From that, DiDi was exposed to the light with another formidable truth meanwhile: DiDi posted 1.9 billion rides and 21 million trips per day in the first half of 2019, as suggested by the dispute claim number and its proportion as of total orders.

DiDi mentioned its average daily rides several times. The latest one was about a peak number of 25 million by DiDi’s president Liu Qing (Jean Liu, 柳青) in 2017. 21 million daily average rides, is not a good sign for the ride-hailing giant. It reflects that the company’s losing momentum in growing rides, which will inevitably impact on the firm’s gross bookings, gross revenues, and bottom line.

By cutting off 2000 employees (15% of total), the firm decided to focus on its main business, as expressed by Cheng in this Feb’s DiDi monthly meeting. Starting from here, DiDi quit its attempts to break into hospitality & tourism industry. Peru, and Chile, two major locations where the company expands its business directly this year, represent DiDi’s new hope. However, hearing and learning from local consumers can be hard for a foreign company, as Uber was kicked out of the China market by its local competitor DiDi.

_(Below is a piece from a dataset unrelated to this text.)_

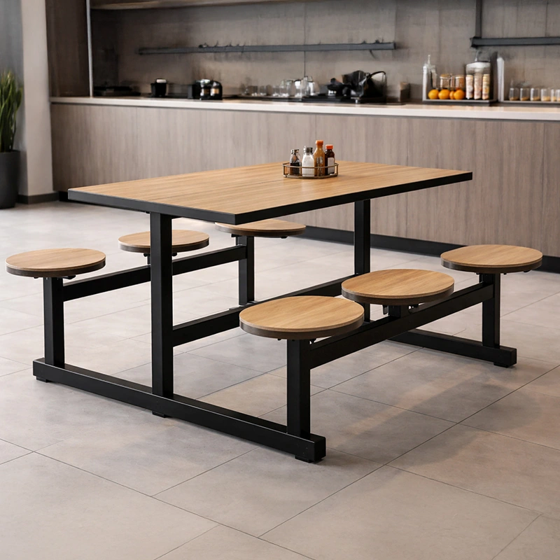 Com opções em aço, MDF, polipropileno, madeira, tecidos e espuma PU, os móveis coletivos para alimentação da empresa aliam estética e funcionalidade.
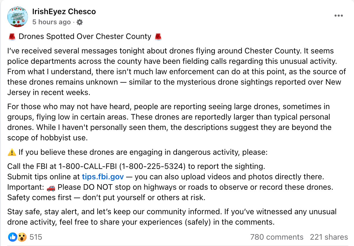 Mysterious Low-Flying Drones Prompt Concern Across Chester County

At least, there is another story for DiDi to tell its existing investors, which waited years to cash out after its IPO: autonomous driving. DiDi is seeking investment from its largest shareholder Softbank and other potential investors for its autonomous driving business unit’s fundraising, tech media the Information reported on July 1, amid an emerging trend of ride-hailing companies to price the operations. Uber received USD 1 billion of investment by a consortium including Toyota and Saudi Arabia’s sovereign wealth fund, which valued the unit at USD 7.3 billion.